• Prompt: Given the entries below, would you transcribe exactly the lines starting at the one with "Εθιμοτυπική αλλά και" and ending at the one with "Autoradio Wireless 254", both kept, pictures omitted, nothing extra?

• Records provided:
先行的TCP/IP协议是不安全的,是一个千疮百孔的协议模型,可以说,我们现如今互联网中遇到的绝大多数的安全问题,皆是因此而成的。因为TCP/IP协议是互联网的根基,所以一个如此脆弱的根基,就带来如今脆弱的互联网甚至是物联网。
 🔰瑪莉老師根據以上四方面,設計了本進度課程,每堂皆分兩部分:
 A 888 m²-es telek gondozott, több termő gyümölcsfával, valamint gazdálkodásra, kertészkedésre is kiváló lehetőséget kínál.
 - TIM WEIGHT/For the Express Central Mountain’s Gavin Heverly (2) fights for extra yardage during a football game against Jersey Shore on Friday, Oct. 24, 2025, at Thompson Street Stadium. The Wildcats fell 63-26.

---

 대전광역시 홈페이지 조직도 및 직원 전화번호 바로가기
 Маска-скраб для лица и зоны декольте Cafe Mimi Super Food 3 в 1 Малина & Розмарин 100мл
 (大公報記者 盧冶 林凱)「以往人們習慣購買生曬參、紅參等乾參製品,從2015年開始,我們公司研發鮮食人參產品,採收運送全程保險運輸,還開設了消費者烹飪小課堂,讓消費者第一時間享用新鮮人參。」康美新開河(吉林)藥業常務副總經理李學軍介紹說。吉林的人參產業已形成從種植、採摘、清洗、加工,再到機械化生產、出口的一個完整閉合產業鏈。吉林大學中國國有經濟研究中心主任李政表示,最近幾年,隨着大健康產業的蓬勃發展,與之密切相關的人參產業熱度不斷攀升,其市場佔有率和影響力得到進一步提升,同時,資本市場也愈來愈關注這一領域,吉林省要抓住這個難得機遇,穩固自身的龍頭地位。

==

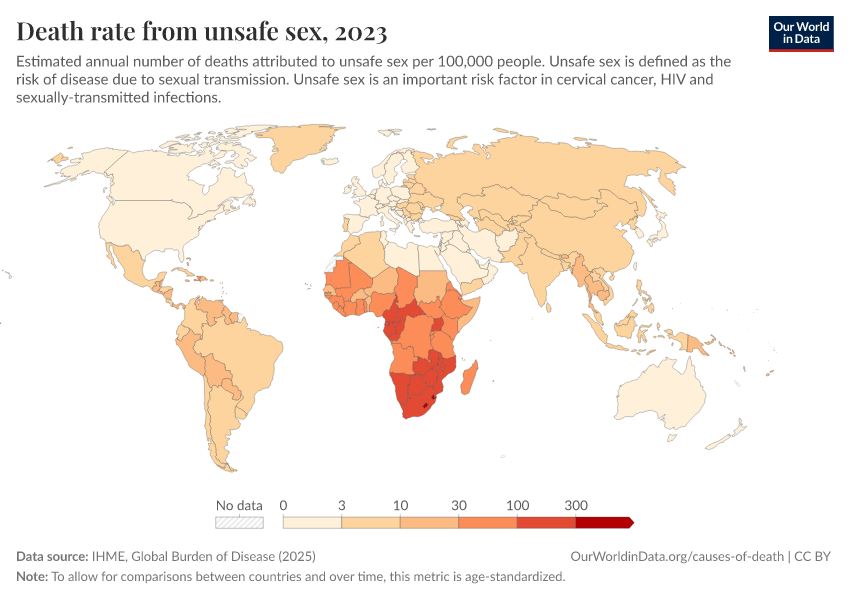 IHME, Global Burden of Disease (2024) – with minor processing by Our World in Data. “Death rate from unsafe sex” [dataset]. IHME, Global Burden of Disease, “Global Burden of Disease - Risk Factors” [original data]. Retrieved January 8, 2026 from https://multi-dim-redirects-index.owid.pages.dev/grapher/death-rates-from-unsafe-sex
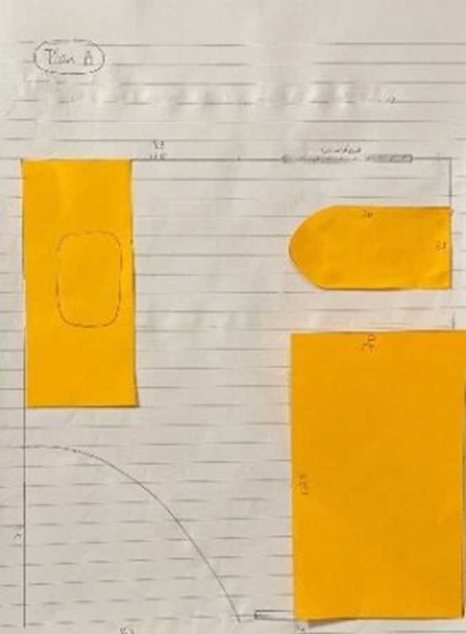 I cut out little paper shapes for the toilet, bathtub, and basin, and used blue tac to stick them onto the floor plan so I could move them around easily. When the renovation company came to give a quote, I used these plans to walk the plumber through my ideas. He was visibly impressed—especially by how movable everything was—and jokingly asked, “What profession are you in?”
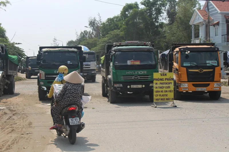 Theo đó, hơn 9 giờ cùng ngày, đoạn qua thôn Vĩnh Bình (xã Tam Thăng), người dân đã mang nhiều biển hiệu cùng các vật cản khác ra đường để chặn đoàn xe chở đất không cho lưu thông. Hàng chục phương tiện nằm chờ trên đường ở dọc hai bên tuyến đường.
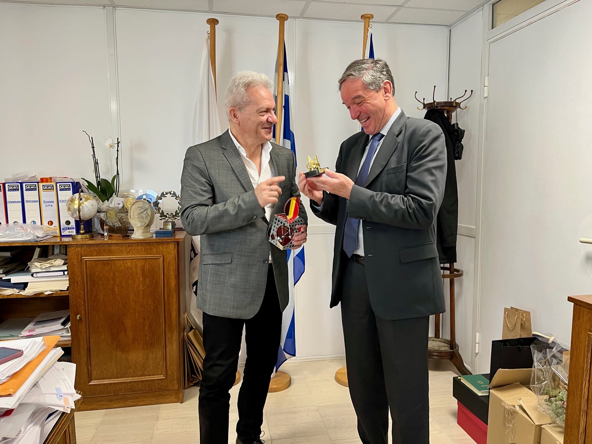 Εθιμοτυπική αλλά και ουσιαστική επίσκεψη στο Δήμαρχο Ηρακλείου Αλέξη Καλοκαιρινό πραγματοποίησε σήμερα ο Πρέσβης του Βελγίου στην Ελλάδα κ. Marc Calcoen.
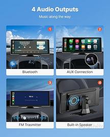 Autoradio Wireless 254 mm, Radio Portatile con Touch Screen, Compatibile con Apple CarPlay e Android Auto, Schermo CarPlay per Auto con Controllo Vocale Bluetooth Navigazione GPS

• Task result:
 Εθιμοτυπική αλλά και ουσιαστική επίσκεψη στο Δήμαρχο Ηρακλείου Αλέξη Καλοκαιρινό πραγματοποίησε σήμερα ο Πρέσβης του Βελγίου στην Ελλάδα κ. Marc Calcoen.
 Autoradio Wireless 254 mm, Radio Portatile con Touch Screen, Compatibile con Apple CarPlay e Android Auto, Schermo CarPlay per Auto con Controllo Vocale Bluetooth Navigazione GPS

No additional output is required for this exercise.